Job Opportunity
This is a challenging position for a professional who can assess clinical study site qualifications, implement studies at participating sites, and manage site conduct.
Responsibilities
* Evaluate, initiate, monitor, and close clinical study sites.
* Ensure site conduct adheres to protocols, GCP regulations, International Harmonization Guidelines, company SOPs, and applicable regulatory requirements.
* Train/re-train site personnel on protocols, systems, and operational aspects of trials.
* Serve as primary contact for site personnel and sponsor study team members.
* Develop patient recruitment strategies with clinical sites to meet enrollment timelines.
* Protect subjects' rights, safety, and well-being.

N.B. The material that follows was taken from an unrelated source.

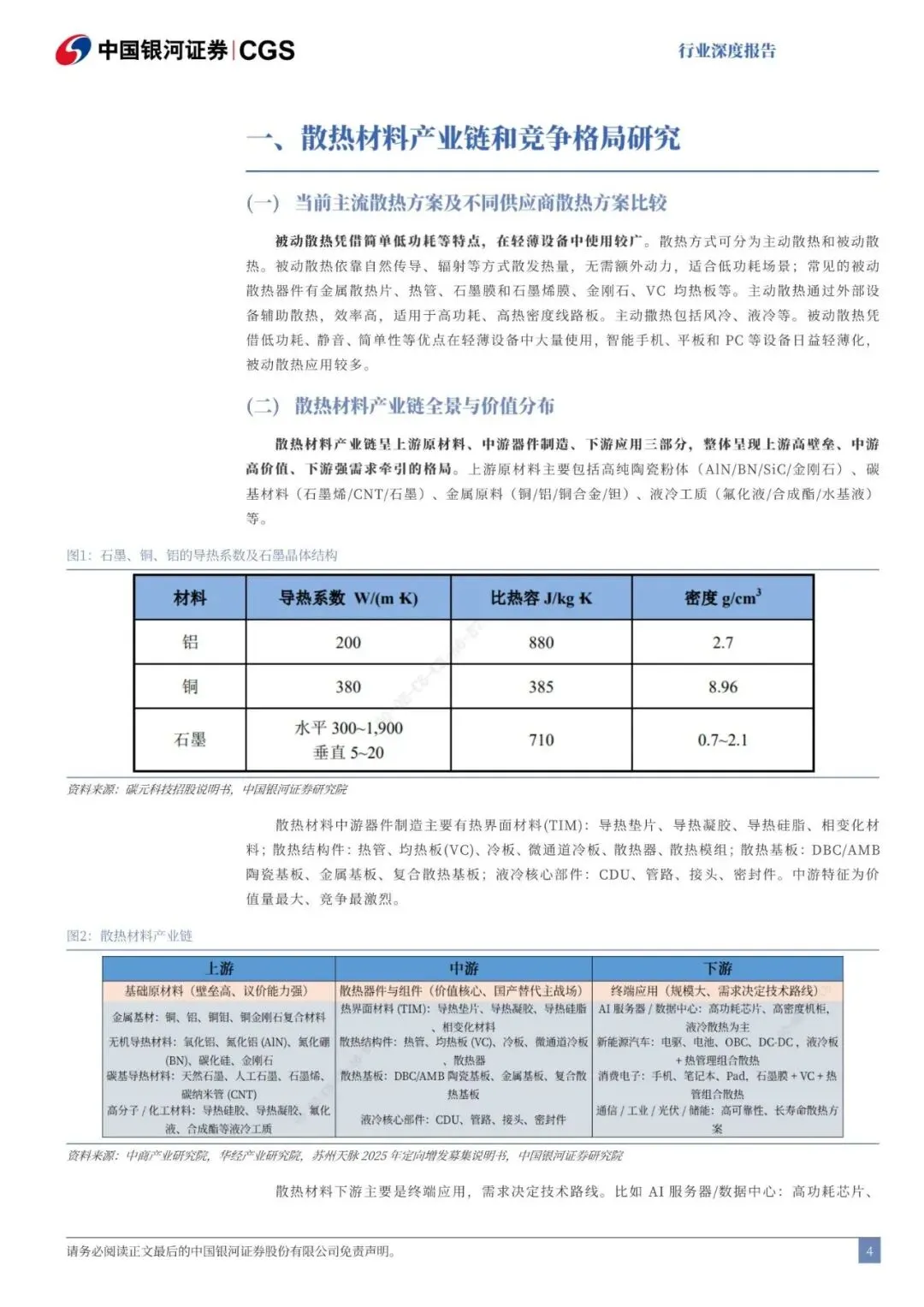 上游原材料主要包括高纯陶瓷粉体(AIN/BN/SiC/金刚石)、碳基材料(石墨烯/CNT/石墨)、金属原料(铜/铝/钢合金/银)、液冷工质(氟化液/合成酯/水基液)等。散热材料中游器件制造主要有热界面材料(TIM)、散热结构件、液冷核心部件等。

* Ensure compliance with adverse event procedures.
* Evaluate data quality and integrity, ensuring timely resolution of queries.
* Assist Data Management in developing eCRFs and eCRF Completion Guidelines.
* Identify and resolve site performance, quality, or compliance issues.
* Communicate with Investigators, site staff, Sponsor Study Team Members, and QA on protocol conduct, subject recruitment, and overall site performance.
* Maintain audit-ready trial documentation.
* Collect, review, and file required regulatory documentation during study maintenance and closeout.
Requirements
* Bachelor's degree in Life Sciences or RN preferred.
* Minimum 5+ years of pharmaceutical/biotechnology industry experience as a Clinical Research Associate from start-up to database lock.
* Strong Oncology monitoring experience in phase 1-3 pharmaceutical/biotechnology clinical trials.
* High level of monitoring skill with independent judgment.
* Excellent understanding of ICH guidelines, GCP, PhRMA code, FDA CFR, clinical research ethics, HIPAA, and local regulatory requirements.
* Strong knowledge of clinical research concepts and drug development.
* EDC, IVRS, and CTMS system proficiency.
* Microsoft Office skills.
* Ability to work independently across multiple studies, projects, and sites.
* Demonstrated strengths in planning, organizational, project management, analytical, oral and written communication, effective time management, conflict management, problem solving, attention to detail, and interpersonal skills.